Thanks guys, I didn't get to it last night I'll try to get some done today. I've got about 2 inches of water in the tank on top of the substrate. Some dirt is on TOP of the sand, which really sucks. The water already in there is really dirty.

@rob..... I don't know then, I did a lot of research and nobody said anything about the smell.

@Beaslbob..... thanks but I've already put everything in my only empty tank

@Kehy..... That's pretty much what I did, but I didn't initially use the plate. That's probably my main problem. I only poured a very small amount of water and it stirred everything up.


----------



## jrman83 (Jul 9, 2010)

Only way to keep smell away completely is chemical filtration.....charcoal in your filter. Didn't think just dirt would smell. Peat will actually rot and ferment creating gas under you top layer that is deadly to your fish.


----------



## z1200 (Jan 26, 2012)

Got er' filled. nice and clear. first pic is up in my gallery. I want to start a new thread as a journal is there any way to delete this one?

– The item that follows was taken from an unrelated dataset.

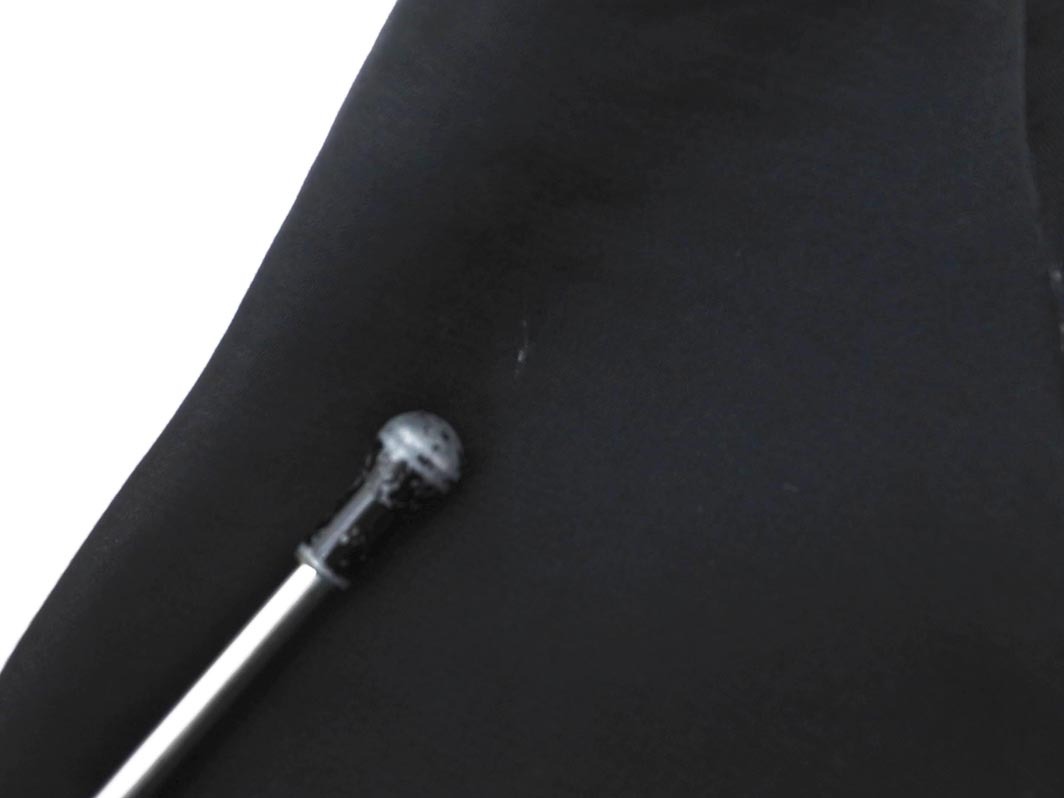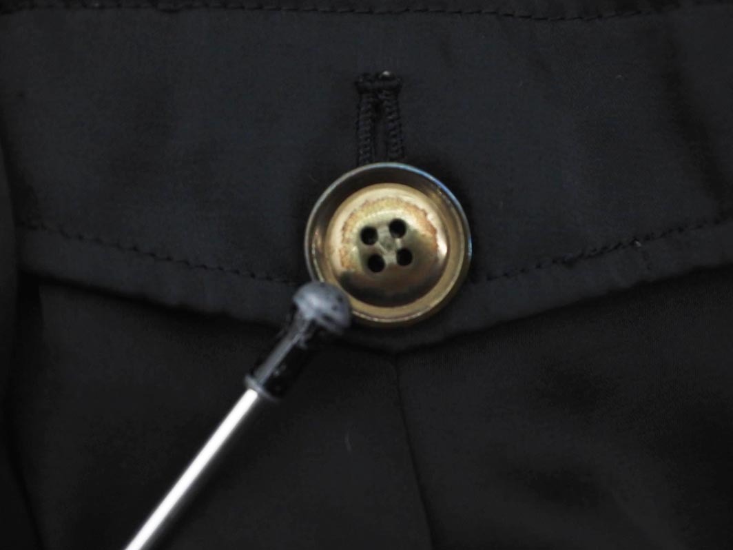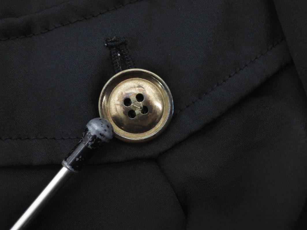前面・身ごろ左下のポケットボタンにヨゴレがございます。
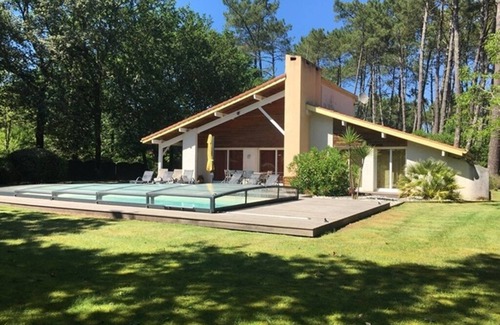 Idealmente ubicado en una tranquila zona rural bajo los pinos, agradable villa con capacidad para 10 personas con una terraza muy soleada, una gran piscina segura de 9.50 x 3.80 y un agradable jardín de 4458m². Carril bici desde la villa. ¡Todo está allí para unas excelentes vacaciones!

@jrman....That's what I thought. I'm not using peat, just standard dirt and PFS. We will see how it goes. I'm just using a standard HOB with filter pads you get at petco/petsmart etc. It works great, and turns quite a bit of water. 


should be fine, at least I hope... after the huge headache it initially created.


----------



## jrman83 (Jul 9, 2010)

I can delete it if you like?


----------



## z1200 (Jan 26, 2012)

Please if you would. I don't want to spam up the forum. I'm gong to start a journal.


----------



## beaslbob (May 29, 2009)

z1200 said:


> Please if you would. I don't want to spam up the forum. I'm gong to start a journal.


hubba hubba

Looking forward to the journal and glad the tank looks better. *old dude


----------



## susankat (Nov 15, 2008)

Don't delete this thread! It contains info for other people just start a new one.


----------



## dirtydutch4x (Jun 16, 2009)

glad to see it worked out!! Looking forward to the journal


----------



## jrman83 (Jul 9, 2010)

Should be cool. I like NPTs.


----------



## z1200 (Jan 26, 2012)

Okay, don't delete it then. I don't mind if you don't.
After it finishes cycling I will start adding my fish. going with somew mollies and not sure what else yet. 


@Beaslbob... thanks man

@Dirtydutch.... I'll keep you posted,first day of summer vacation was today. I should have some free time on my hands until school starts.


----------



## beaslbob (May 29, 2009)

you're welcome 

to me it is amazing how clear stuff is when you trap the "crud" under a layer of sand.

my .02


----------